__DATA__.
☆ ☆ ☆

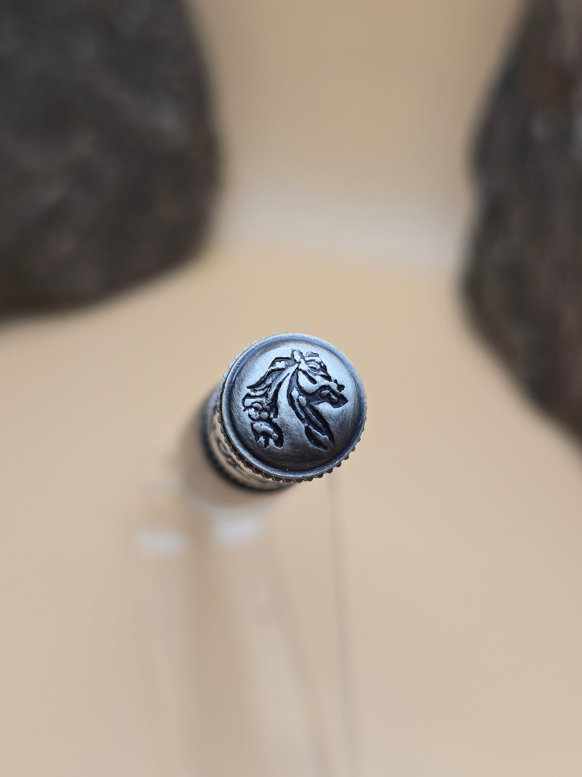 Featuring Finely detailed Horse designs on the crown, clip, and grip
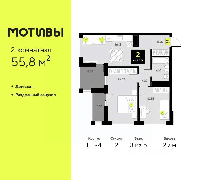 Просторная двухкомнатная квартира с предчистовой отделкой в ЖК "Мотивы" на 3 этаже. Общая площадь: 55.8 кв.м. Высота потолков 2.7 м. Квартира будет сдаваться с предчистовой отделкой White Box: выровнены и оштукатурены стены, проведено электричество и отопление, установлены радиаторы. Вы также можете приобрести квартиру с ремонтом от застройщика, представленным в трех цветовых решениях Scandi, Wood и Coffee и включающим ламинат, обои под покраску, двери, натяжной потолок и санузел с сантехникой. При желании вы можете заказать отделку под ключ, варианты возможных решений представлены в альбоме фотографий. Дом монолитный, многоподъездный, переменной этажности, от 5 до 14 этажей. Квартира находится во 2-й секции высотой 5 этажей в корпусе ГП-4. На этаже 5 квартир. В подъезде 1 грузовой лифт. На сегодняшний день строительство окончено, дом сдан в 4 квартале 2024 года. Оформление сделки по договору купли-продажи. Закрытая от автомобилей территория, безопасный двор и камеры видеонаблюдения - гаранты вашего спокойствия. Квартал будет располагать богатой инфраструктурой: на первых этажах разместятся магазины, пекарни, кофейни, пункты выдачи, аптеки, детские центры, цветочные салоны и многое другое, что сделает жизнь поистине комфортной. Рядом находится парк общей площадью почти 5000 м², в котором располагаются локации для игр и отдыха жителей, здесь можно совершить утреннюю пробежку или прогуляться после рабочего дня. В парке есть зона воркаута с тренажерами для взрослых, игровые комплексы с горками и канатный комплекс для детей разных возрастов, качели и лавочки для отдыха, площадки для командных видов спорта и для панна-футбола. В ЖК "Мотивы" всё продумано до мелочей: светлые холлы входных групп, оформленные в едином стиле, просторные колясочные, лапомойки для питомцев. На территории комплекса находятся 2 8-ми этажных паркинга и более 1000 м/м на открытой парковке. Жилой комплекс находится в одном из экологически благоприятных районов Тюмени, недалеко от Плехановского бора. При этом до центра города можно добраться за 15 минут, а до международного аэропорта Рощино за 13 минут. Окончание строительства: ГП 1, 2, 3, 4 сдача до конца 2024 года, ГП 6, 7, 8 сдача 2 квартал 2026 года. #26dwE4
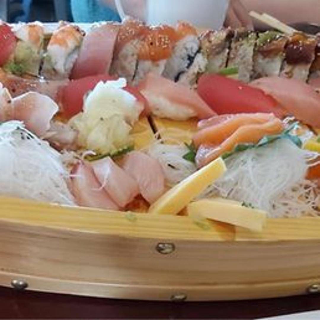 An impressive assortment of sushi and sashimi artfully arranged on a decorative boat platter. Perfect for sharing, this offering typically includes a variety of nigiri (sliced fish over rice), maki rolls (rolled sushi), and elegantly presented sashimi (slices of raw fish).

☆ ☆ ☆

__WHAT YOU ARE ASKED TO DO__.
Reproduce the material exactly. Pictures stay out.

__WRITTEN SOLUTION__.
 Featuring Finely detailed Horse designs on the crown, clip, and grip
 Просторная двухкомнатная квартира с предчистовой отделкой в ЖК "Мотивы" на 3 этаже. Общая площадь: 55.8 кв.м. Высота потолков 2.7 м. Квартира будет сдаваться с предчистовой отделкой White Box: выровнены и оштукатурены стены, проведено электричество и отопление, установлены радиаторы. Вы также можете приобрести квартиру с ремонтом от застройщика, представленным в трех цветовых решениях Scandi, Wood и Coffee и включающим ламинат, обои под покраску, двери, натяжной потолок и санузел с сантехникой. При желании вы можете заказать отделку под ключ, варианты возможных решений представлены в альбоме фотографий. Дом монолитный, многоподъездный, переменной этажности, от 5 до 14 этажей. Квартира находится во 2-й секции высотой 5 этажей в корпусе ГП-4. На этаже 5 квартир. В подъезде 1 грузовой лифт. На сегодняшний день строительство окончено, дом сдан в 4 квартале 2024 года. Оформление сделки по договору купли-продажи. Закрытая от автомобилей территория, безопасный двор и камеры видеонаблюдения - гаранты вашего спокойствия. Квартал будет располагать богатой инфраструктурой: на первых этажах разместятся магазины, пекарни, кофейни, пункты выдачи, аптеки, детские центры, цветочные салоны и многое другое, что сделает жизнь поистине комфортной. Рядом находится парк общей площадью почти 5000 м², в котором располагаются локации для игр и отдыха жителей, здесь можно совершить утреннюю пробежку или прогуляться после рабочего дня. В парке есть зона воркаута с тренажерами для взрослых, игровые комплексы с горками и канатный комплекс для детей разных возрастов, качели и лавочки для отдыха, площадки для командных видов спорта и для панна-футбола. В ЖК "Мотивы" всё продумано до мелочей: светлые холлы входных групп, оформленные в едином стиле, просторные колясочные, лапомойки для питомцев. На территории комплекса находятся 2 8-ми этажных паркинга и более 1000 м/м на открытой парковке. Жилой комплекс находится в одном из экологически благоприятных районов Тюмени, недалеко от Плехановского бора. При этом до центра города можно добраться за 15 минут, а до международного аэропорта Рощино за 13 минут. Окончание строительства: ГП 1, 2, 3, 4 сдача до конца 2024 года, ГП 6, 7, 8 сдача 2 квартал 2026 года. #26dwE4
 An impressive assortment of sushi and sashimi artfully arranged on a decorative boat platter. Perfect for sharing, this offering typically includes a variety of nigiri (sliced fish over rice), maki rolls (rolled sushi), and elegantly presented sashimi (slices of raw fish).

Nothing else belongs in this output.